Recorded data »
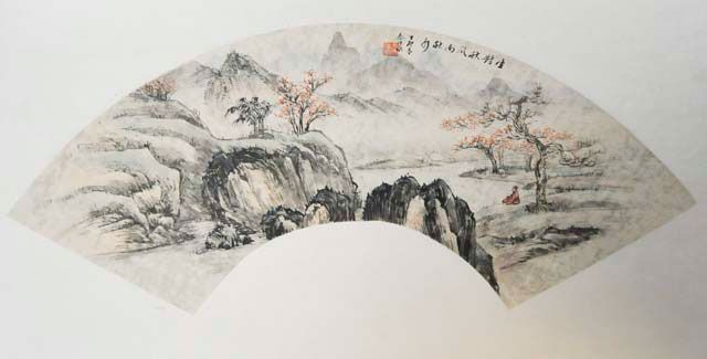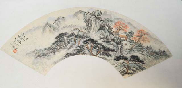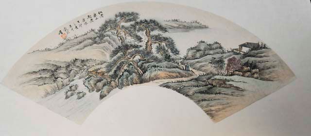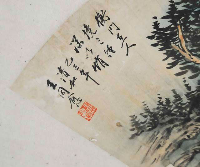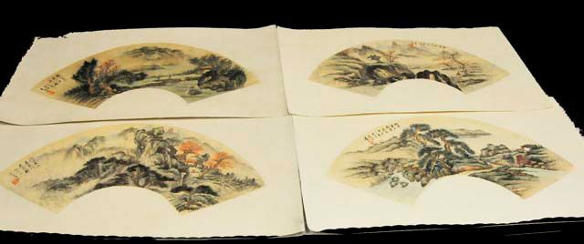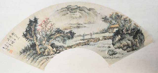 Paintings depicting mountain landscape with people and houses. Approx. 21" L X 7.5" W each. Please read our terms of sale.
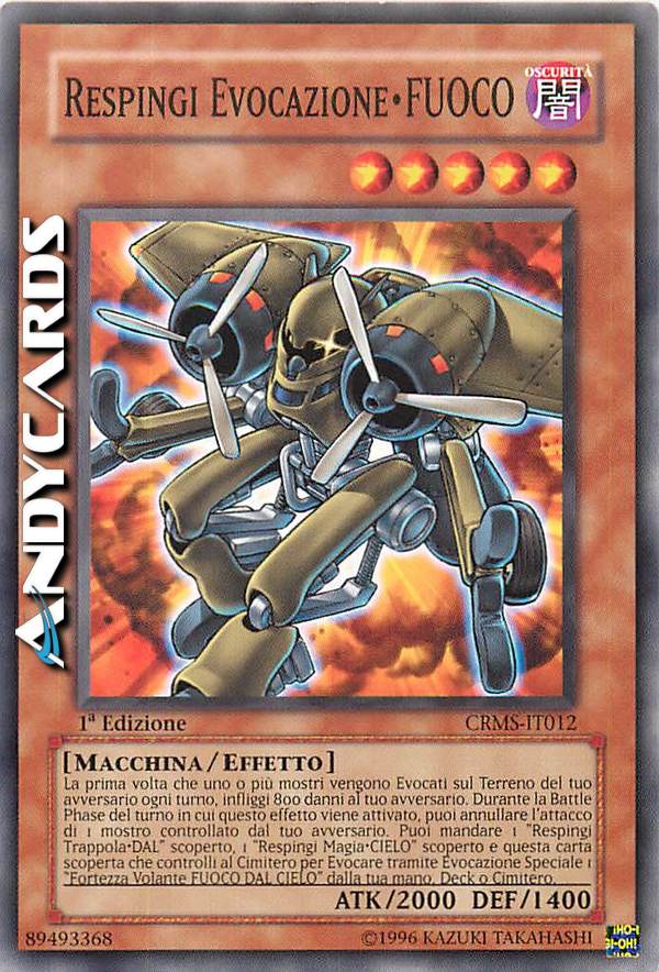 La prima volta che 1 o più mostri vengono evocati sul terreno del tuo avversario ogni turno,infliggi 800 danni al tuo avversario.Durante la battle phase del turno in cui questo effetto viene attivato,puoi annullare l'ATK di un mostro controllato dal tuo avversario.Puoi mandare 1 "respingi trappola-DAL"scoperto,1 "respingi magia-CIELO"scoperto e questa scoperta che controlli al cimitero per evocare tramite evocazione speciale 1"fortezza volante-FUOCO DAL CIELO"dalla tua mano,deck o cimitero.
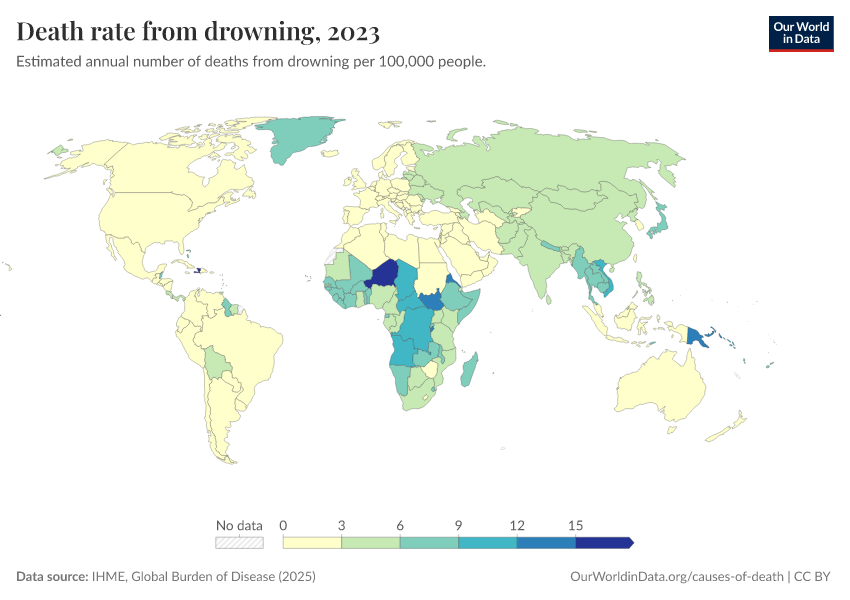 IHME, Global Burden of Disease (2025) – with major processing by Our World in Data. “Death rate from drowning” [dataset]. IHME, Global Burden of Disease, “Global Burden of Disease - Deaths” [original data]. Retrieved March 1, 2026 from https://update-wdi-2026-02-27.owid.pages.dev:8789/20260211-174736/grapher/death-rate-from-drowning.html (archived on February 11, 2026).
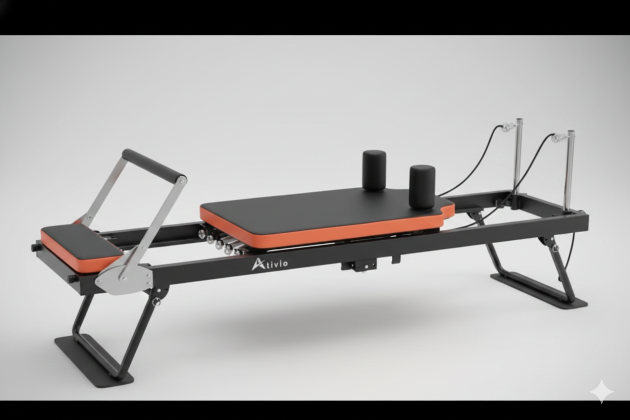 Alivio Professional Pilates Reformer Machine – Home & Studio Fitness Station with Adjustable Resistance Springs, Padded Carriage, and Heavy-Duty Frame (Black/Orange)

To do » Type the listing above out again exactly, and omit all pictures.

Written solution »
 Paintings depicting mountain landscape with people and houses. Approx. 21" L X 7.5" W each. Please read our terms of sale.
 La prima volta che 1 o più mostri vengono evocati sul terreno del tuo avversario ogni turno,infliggi 800 danni al tuo avversario.Durante la battle phase del turno in cui questo effetto viene attivato,puoi annullare l'ATK di un mostro controllato dal tuo avversario.Puoi mandare 1 "respingi trappola-DAL"scoperto,1 "respingi magia-CIELO"scoperto e questa scoperta che controlli al cimitero per evocare tramite evocazione speciale 1"fortezza volante-FUOCO DAL CIELO"dalla tua mano,deck o cimitero.
 IHME, Global Burden of Disease (2025) – with major processing by Our World in Data. “Death rate from drowning” [dataset]. IHME, Global Burden of Disease, “Global Burden of Disease - Deaths” [original data]. Retrieved March 1, 2026 from https://update-wdi-2026-02-27.owid.pages.dev:8789/20260211-174736/grapher/death-rate-from-drowning.html (archived on February 11, 2026).
 Alivio Professional Pilates Reformer Machine – Home & Studio Fitness Station with Adjustable Resistance Springs, Padded Carriage, and Heavy-Duty Frame (Black/Orange)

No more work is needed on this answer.